## The data
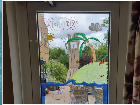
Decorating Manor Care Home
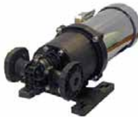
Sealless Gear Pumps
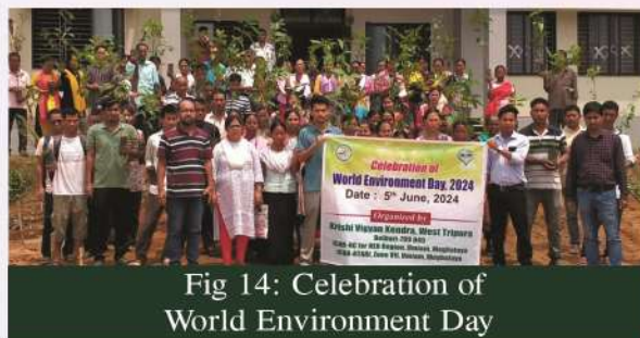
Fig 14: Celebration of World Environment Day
--
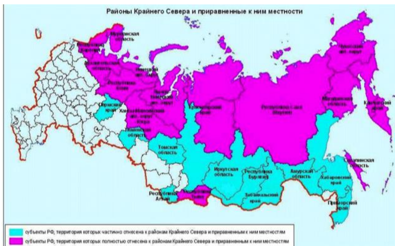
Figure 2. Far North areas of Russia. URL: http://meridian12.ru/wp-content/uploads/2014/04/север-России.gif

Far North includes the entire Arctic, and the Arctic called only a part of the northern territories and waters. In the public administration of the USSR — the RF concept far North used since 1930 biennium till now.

## Exercise directions
Copy out each line of the data above, exactly, if it lies between the line holding "Figure 2. Far" and the line holding "Far North includes", inclusive; copy no other line.

## Result for this exercise
Figure 2. Far North areas of Russia. URL: http://meridian12.ru/wp-content/uploads/2014/04/север-России.gif

Far North includes the entire Arctic, and the Arctic called only a part of the northern territories and waters. In the public administration of the USSR — the RF concept far North used since 1930 biennium till now.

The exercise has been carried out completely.